# os 9.2 usb



## leestrauss (Dec 22, 2004)

here at work we're running a symart scan device (bar code scanner) into a keyspan usb adapter..everytime we start the machine (g4 running OS 9.2.2) it will either give us an error or freeze unless we pull the usb connection out while booting up.


any ideas?

thanks!
Lee


----------



## MSY-Houston (Dec 5, 2004)

There's probably an extension conflict. 

Conflicts load, generally, in a specific order. Once they load, you often can physically plug in devices and have them work. I've had problems like that with JAZ drives, Wacom tablets, and OS 9.

If it works once you bootup and then plug it in, simply do it that way. Or take the time and find out which extension it's in conflict with. I've saved different settings under the Extensions Manager so that I can startup (or restart) for different devices (disabling, for example, the Wacom tablet driver in order to use another external device).

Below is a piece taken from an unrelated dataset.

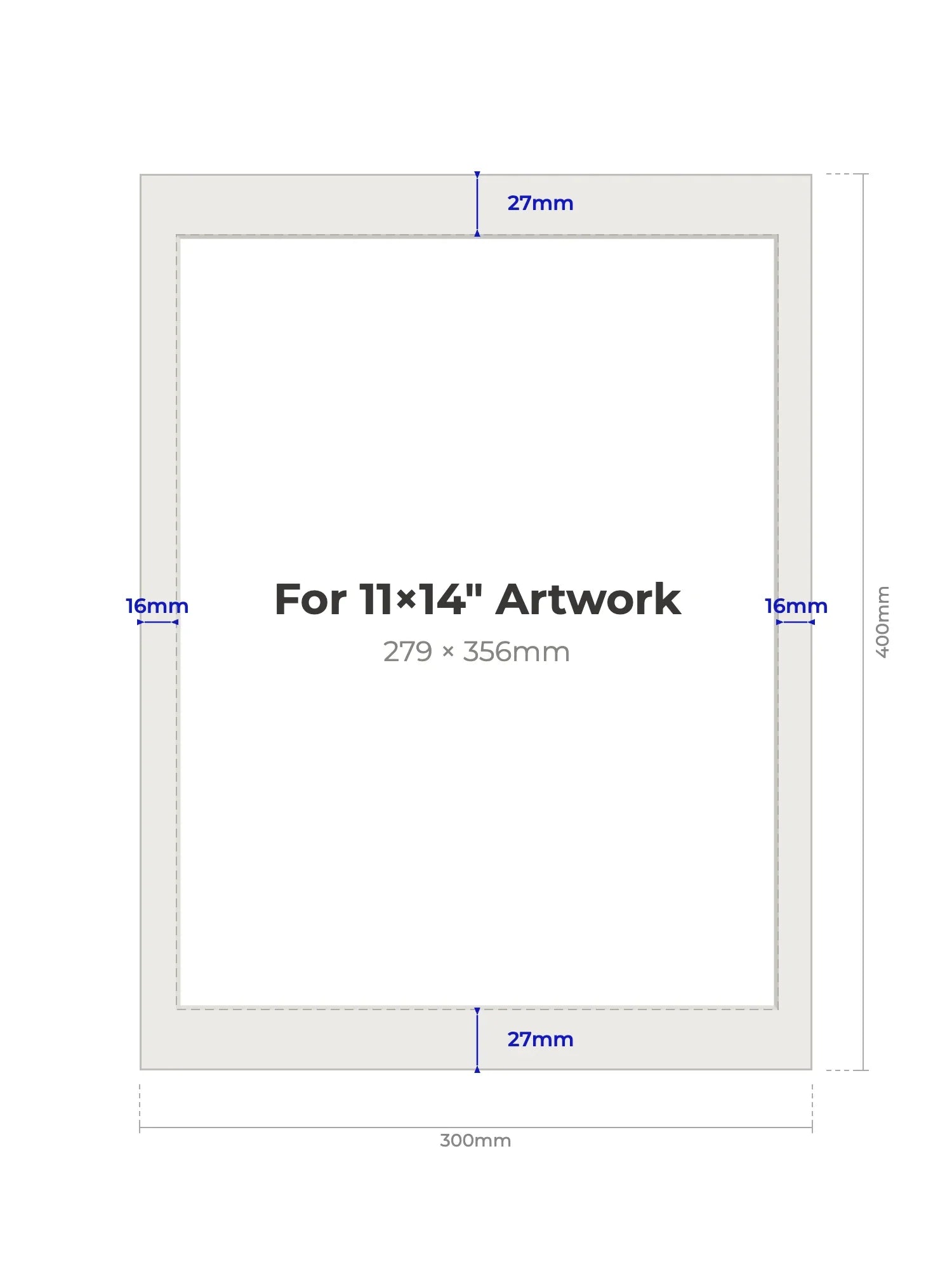 11" × 14" (279 × 356mm) - Note, we will cut the aperture slightly smaller than the artwork size to ensure a perfect fit

I haven't had so many problems since I upgraded to OSX. You might try that.

Good luck.


----------



## leestrauss (Dec 22, 2004)

thanks for your help...

i've tried numerous combinations of extension loads and nothing will change the fact that the scanning program will not recognize the keyspan when its plugged in on startup. The only thing that has to be done is that the user has to unplug the usb from the back of the g4 and plug it right back in and then the program will recognize it..this is a simple fix, however it is in a workplace and people are getting frustrated with having to go under the table every morning to turn this machine on.

any other ideas?

thanks,
Lee


----------



## leestrauss (Dec 22, 2004)

MSY-Houston said:


> There's probably an extension conflict.
> 
> Conflicts load, generally, in a specific order. Once they load, you often can physically plug in devices and have them work. I've had problems like that with JAZ drives, Wacom tablets, and OS 9.
> 
> ...


how would you figure out which extension it is in conflict with ?
thanks,
Lee


----------



## MSY-Houston (Dec 5, 2004)

First, If you haven't tried this (and you probably have), go to the Symart site and make sure you've got the latest software updates. You also might contact their support personnel to see if they have heard of this problem before. They may have and might have a solution. 

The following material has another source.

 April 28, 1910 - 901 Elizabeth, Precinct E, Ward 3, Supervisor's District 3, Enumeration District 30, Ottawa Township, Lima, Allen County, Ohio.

Visit the Keyspan site to make sure you've got the latest driver available (USA-28, software 2.1).

I visited both sites. On the Keyspan site, there is a link for configuration and compatibility information.


TO CHECK EXTENSIONS
Try booting up the computer with Extensions off. Hold down the shift key and restart your computer. Keep the shift key down until you get the message that the computer is starting up without Extensions. If you're computer loads fine, 9 times out of 10, the problem is an Extensions conflict.

Go to the Apple Menu and select the Extensions Manager.

Add the Extensions back in one at a time and restart your computer each time you add one in (or a group, for example, anything with Microsoft).

As I've thought about this, I seem to remember that the conflict I had involved the Apple CD driver. But it's been a while, so I'm not sure. I think what I had to do was use an older CD driver (8 or 9.0).

HARDWARE
The other issue is that the Keyspan device (hardware) may not be compatible with the Symart scanner. That's another headache. You may have to invest (if they have one) in a Symart USB scanner not a serial scanner (which, I think is what you may have). I'm not familiar enough with Symart to know if they make a USB scanner.

OSX
A G4 will work much better using OSX. Unless you've got to stay with OS9, I'd really recommend changing over. Keyspan has a driver for OSX. I'm not sure about Symart.


----------



## leestrauss (Dec 22, 2004)

MSY-Houston said:


> First, If you haven't tried this (and you probably have), go to the Symart site and make sure you've got the latest software updates. You also might contact their support personnel to see if they have heard of this problem before. They may have and might have a solution.
> 
> Visit the Keyspan site to make sure you've got the latest driver available (USA-28, software 2.1).
> 
> ...


going to go try all of that out...thanks so much for your help,
Lee


----------



## MSY-Houston (Dec 5, 2004)

When you go to the Apple Menu, you'll find the Extensions Manager in the Control Panel section.


----------



## leestrauss (Dec 22, 2004)

GOT IT!

After loading with extensions off, and then slowly adding extensions (in groups of 5-10 or so), and after about 20 restarts  haha, i finally found the problem to be on the internal modem extension. weird. anyways, its all fixed, thanks a whole lot for your help Houston.

Peace,
Lee


----------



## MSY-Houston (Dec 5, 2004)

Fabulous. Glad to help and glad it worked! (Always gave me a rush when after trying about a kazillion things, I'd finally get the problem solved--so I know how ya' feel!)

Martha


----------